As described above, according to the present invention, the back pressure partition strip for sealingly partitioning the orbiting end plate of the orbiting scroll so that two kinds of pressures are applied is provided with the spring member via the ring-shaped member. Therefore, the force with which the back pressure divider band is pressed against the back surface of the swivel end plate is equalized over the entire sliding contact surface, local wear is not promoted, and sealing performance is improved and reliability is high.
It has the effect of realizing an efficient compressor.

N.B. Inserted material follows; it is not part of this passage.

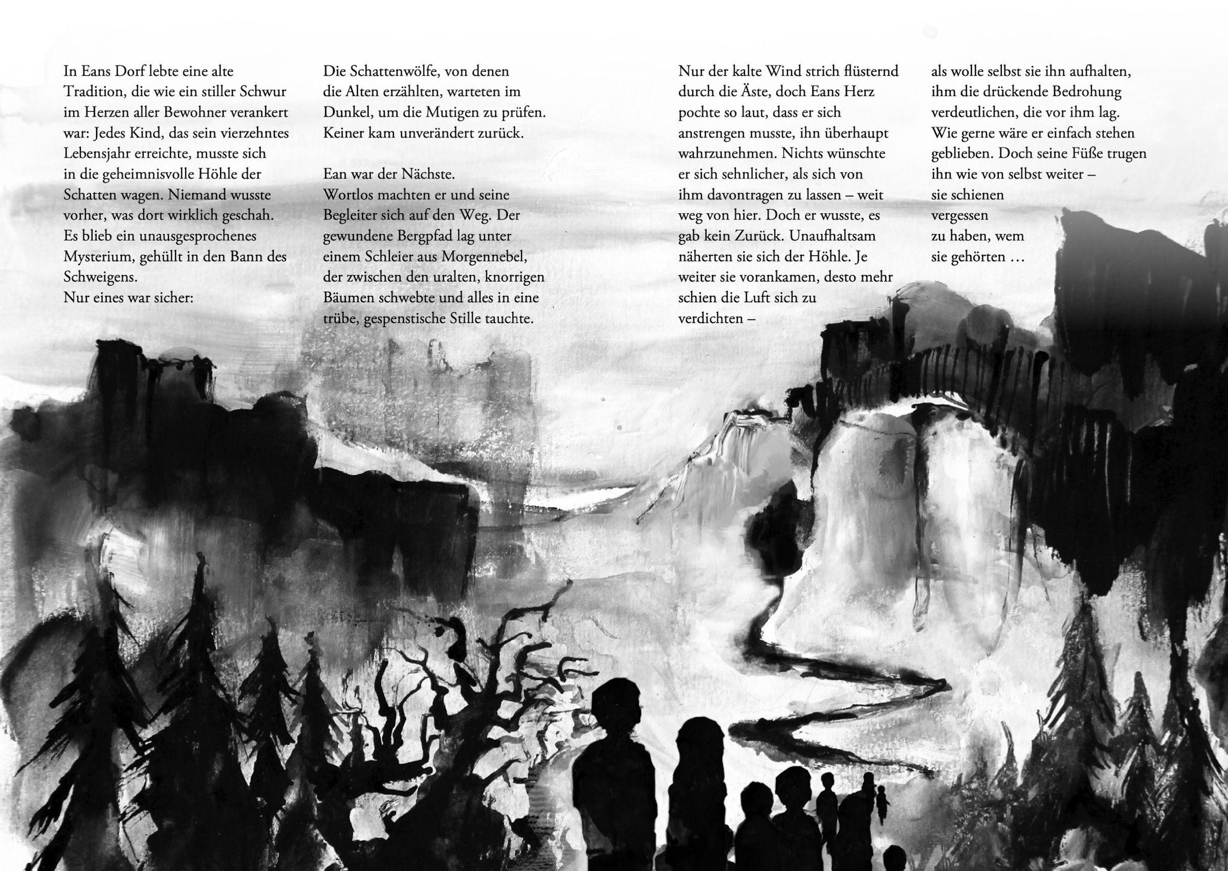 In Eans Dorf gibt es eine uralte Tradition: Jedes Kind muss, um erwachsen zu werden, in die geheimnisvolle Höhle der Schatten eintreten. Dort lauern die gefürchteten Schattenwölfe - finstere Gestalten, die jeden verfolgen, der sich in die Dunkelheit wagt.

[Brief description of drawings]

FIG. 1 is a vertical sectional view of a compressor according to an embodiment of the present invention.

FIG. 2 is a vertical sectional view of a compression mechanism portion of a compressor according to an embodiment of the present invention.

FIG. 3 is an enlarged vertical sectional view of the vicinity of a back pressure divider band of a compressor according to an embodiment of the present invention.

FIG. 4 is an enlarged vertical cross-sectional view in the vicinity of a back pressure divider band in a conventional example.

FIG. 5 is an enlarged vertical cross-sectional view in the vicinity of a back pressure divider band in a conventional example.

[Explanation of symbols]

 DESCRIPTION OF SYMBOLS 1 airtight container 2 compression mechanism 7 fixed frame 8 fixed scroll 9 orbiting scroll 11 orbiting end plate 12 compression work space 18 bearing member 19 minute gap 20 back pressure space 21 back pressure partition band 22 back pressure partition band storage groove 23 spring member 24 axis Direction support 25 Ring-shaped member

 ─────────────────────────────────────────────────── ─── Continuation of the front page (72) Inventor Yoshinobu Kojima 1006 Kadoma, Kadoma, Osaka Prefecture Matsushita Electric Industrial Co., Ltd. (72) Inventor Shuichi Yamamoto 1006 Kadoma, Kadoma City, Osaka Matsushita Electric Industrial Co., Ltd. (72) Inventor Sadao Kawahara 1006 Kadoma, Kadoma-shi, Osaka Prefecture Matsushita Electric Industrial Co., Ltd. (72) Inventor Shigeru Muramatsu 1006 Kadoma, Kadoma City, Osaka Prefecture Matsushita Electric Industrial Co., Ltd. (72) Inventor Yaba Yasushi Osaka 1006 Kadoma, Kadoma-shi, Fuchu Matsushita Electric Industrial Co., Ltd.

Claims (1)

[Claims] 1. A compression mechanism, a fixed scroll, an orbiting scroll arranged so as to mesh with the fixed scroll to form a plurality of compression spaces, and an Oldham ring for preventing rotation of the orbiting scroll. A back pressure partition which is composed of a crank shaft for driving the orbiting scroll and a main bearing for supporting the crank shaft, and is slidably sealed to partition the orbiting end plate of the orbiting scroll so that two kinds of pressures are applied. A scroll compressor in which a band is provided and a spring member for pressing the back pressure partition band is provided via a ring-shaped member.